→ **What you need to do**:
Quote exactly and only this range of lines in the data below: the line that holds "企查查顯示,近日,恆大地產持" to the line that holds "Цвет #792756 в", both included.

→ **Records provided**:
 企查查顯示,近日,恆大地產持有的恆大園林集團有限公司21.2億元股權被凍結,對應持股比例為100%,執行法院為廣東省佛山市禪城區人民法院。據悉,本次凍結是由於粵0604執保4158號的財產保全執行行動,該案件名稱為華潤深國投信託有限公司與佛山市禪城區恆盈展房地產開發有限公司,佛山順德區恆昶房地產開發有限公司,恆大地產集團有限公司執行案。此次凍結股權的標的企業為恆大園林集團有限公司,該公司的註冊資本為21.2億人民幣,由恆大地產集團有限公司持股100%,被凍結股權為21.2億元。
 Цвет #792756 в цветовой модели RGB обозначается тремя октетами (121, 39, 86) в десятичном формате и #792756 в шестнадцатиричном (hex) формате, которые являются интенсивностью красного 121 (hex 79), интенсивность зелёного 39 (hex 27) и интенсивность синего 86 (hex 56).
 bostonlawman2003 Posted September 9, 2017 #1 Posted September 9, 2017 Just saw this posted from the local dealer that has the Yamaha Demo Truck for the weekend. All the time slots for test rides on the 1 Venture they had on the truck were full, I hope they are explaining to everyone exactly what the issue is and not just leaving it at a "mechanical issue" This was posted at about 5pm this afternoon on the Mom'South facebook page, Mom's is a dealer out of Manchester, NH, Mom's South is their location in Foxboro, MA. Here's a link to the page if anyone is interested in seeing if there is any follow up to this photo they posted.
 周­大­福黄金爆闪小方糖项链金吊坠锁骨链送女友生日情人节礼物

...

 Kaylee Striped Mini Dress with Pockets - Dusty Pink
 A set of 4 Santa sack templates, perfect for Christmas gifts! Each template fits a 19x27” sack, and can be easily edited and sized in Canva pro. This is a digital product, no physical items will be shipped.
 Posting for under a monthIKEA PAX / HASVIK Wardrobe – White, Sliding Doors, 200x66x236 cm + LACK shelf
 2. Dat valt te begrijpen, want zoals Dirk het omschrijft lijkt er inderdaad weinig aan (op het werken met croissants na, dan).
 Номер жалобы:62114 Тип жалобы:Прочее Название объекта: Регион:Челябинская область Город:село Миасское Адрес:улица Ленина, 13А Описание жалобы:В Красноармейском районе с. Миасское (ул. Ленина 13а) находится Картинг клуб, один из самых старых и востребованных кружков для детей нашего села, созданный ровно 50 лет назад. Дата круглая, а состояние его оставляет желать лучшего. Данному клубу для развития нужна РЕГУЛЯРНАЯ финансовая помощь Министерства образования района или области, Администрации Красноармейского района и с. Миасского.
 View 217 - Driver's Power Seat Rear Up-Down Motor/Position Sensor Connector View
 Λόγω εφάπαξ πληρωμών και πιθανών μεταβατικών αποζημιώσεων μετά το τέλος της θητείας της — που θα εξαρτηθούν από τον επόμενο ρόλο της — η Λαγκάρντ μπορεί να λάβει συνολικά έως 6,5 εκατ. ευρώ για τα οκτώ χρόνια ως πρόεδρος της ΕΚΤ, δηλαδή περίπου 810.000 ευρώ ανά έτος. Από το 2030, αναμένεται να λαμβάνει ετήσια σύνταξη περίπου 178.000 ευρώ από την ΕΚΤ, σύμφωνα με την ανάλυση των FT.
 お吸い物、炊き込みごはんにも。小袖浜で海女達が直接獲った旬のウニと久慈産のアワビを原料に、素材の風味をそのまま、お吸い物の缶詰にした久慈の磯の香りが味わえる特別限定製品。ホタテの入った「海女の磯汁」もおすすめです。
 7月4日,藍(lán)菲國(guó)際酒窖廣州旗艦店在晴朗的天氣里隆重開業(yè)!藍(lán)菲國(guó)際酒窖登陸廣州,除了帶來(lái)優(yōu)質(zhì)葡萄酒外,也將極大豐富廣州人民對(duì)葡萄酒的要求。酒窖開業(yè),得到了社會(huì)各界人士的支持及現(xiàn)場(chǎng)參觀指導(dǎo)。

→ **Solution to the problem**:
 企查查顯示,近日,恆大地產持有的恆大園林集團有限公司21.2億元股權被凍結,對應持股比例為100%,執行法院為廣東省佛山市禪城區人民法院。據悉,本次凍結是由於粵0604執保4158號的財產保全執行行動,該案件名稱為華潤深國投信託有限公司與佛山市禪城區恆盈展房地產開發有限公司,佛山順德區恆昶房地產開發有限公司,恆大地產集團有限公司執行案。此次凍結股權的標的企業為恆大園林集團有限公司,該公司的註冊資本為21.2億人民幣,由恆大地產集團有限公司持股100%,被凍結股權為21.2億元。
 Цвет #792756 в цветовой модели RGB обозначается тремя октетами (121, 39, 86) в десятичном формате и #792756 в шестнадцатиричном (hex) формате, которые являются интенсивностью красного 121 (hex 79), интенсивность зелёного 39 (hex 27) и интенсивность синего 86 (hex 56).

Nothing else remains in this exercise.